The following command estimates the SE a sample of size 400:

Trials <- 
  sample(sim_02, n = 400) |>
    model_train(y ~ x + a) |>
    conf_interval() |>
    trials(500)
Trials |> 
  summarize(sampling_variance = var(.coef), 
            standard_error = sd(.coef), 
            .by = term)
term sampling_variance standard_error
(Intercept) 0.0027319 0.0522675
x 0.0027330 0.0522778
a 0.0027322 0.0522701

Whereas for a sample size n = 25, the standard error of the coefficients was about 0.2, for a sample size of n = 400, sixteen times bigger, the standard deviation is four times smaller: about 0.05.

We repeated this process for each of the other sample sizes. Table 19.1 reports the results.

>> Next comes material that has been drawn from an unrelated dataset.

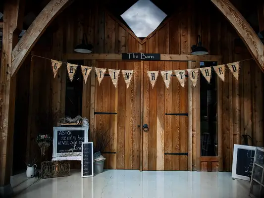 Fotos: Caity McCulloch -fotografer I stalden på stalden blev et Getttin -banner hængt op ved indgangen til receptionen. Brudens mor var i stand til at finde den anvendte dekoration.

Table 19.1: Results of repeating the sampling variability trials for samples of varying sizes.
term n sampling_variance standard_error
(Intercept) 25 4.37e-02 0.20900
(Intercept) 100 9.85e-03 0.09920
(Intercept) 400 2.67e-03 0.05170
(Intercept) 1600 6.58e-04 0.02570
(Intercept) 6400 1.61e-04 0.01270
(Intercept) 25000 4.41e-05 0.00664
(Intercept) 100000 9.60e-06 0.00310
a 25 4.33e-02 0.20800
a 100 9.65e-03 0.09820
a 400 2.37e-03 0.04870
a 1600 5.85e-04 0.02420
a 6400 1.54e-04 0.01240
a 25000 3.90e-05 0.00625
a 100000 8.70e-06 0.00295
x 25 4.82e-02 0.22000
x 100 1.10e-02 0.10500
x 400 2.69e-03 0.05190
x 1600 6.49e-04 0.02550
x 6400 1.40e-04 0.01180
x 25000 4.16e-05 0.00645
x 100000 1.03e-05 0.00321

There is a pattern in Table 19.1. Every time we quadruple \(n\), the sampling variance decreases by a factor of four. Consequently, the standard error—which is just the square root of the sampling variance—goes down by a factor of 2, that is, \(\sqrt{4}\). (The pattern is not exact because there is also sampling variation in the trials, which are themselves a sample of all possible trials.)

Conclusion: The larger the sample size, the smaller the sampling variance. For a sample of size \(n\), the sampling variance will be proportional to \(1/n\). Or, in terms of the standard error: For a sample size of \(n\), the standard error will be proportional to \(1/\sqrt{\strut n}\).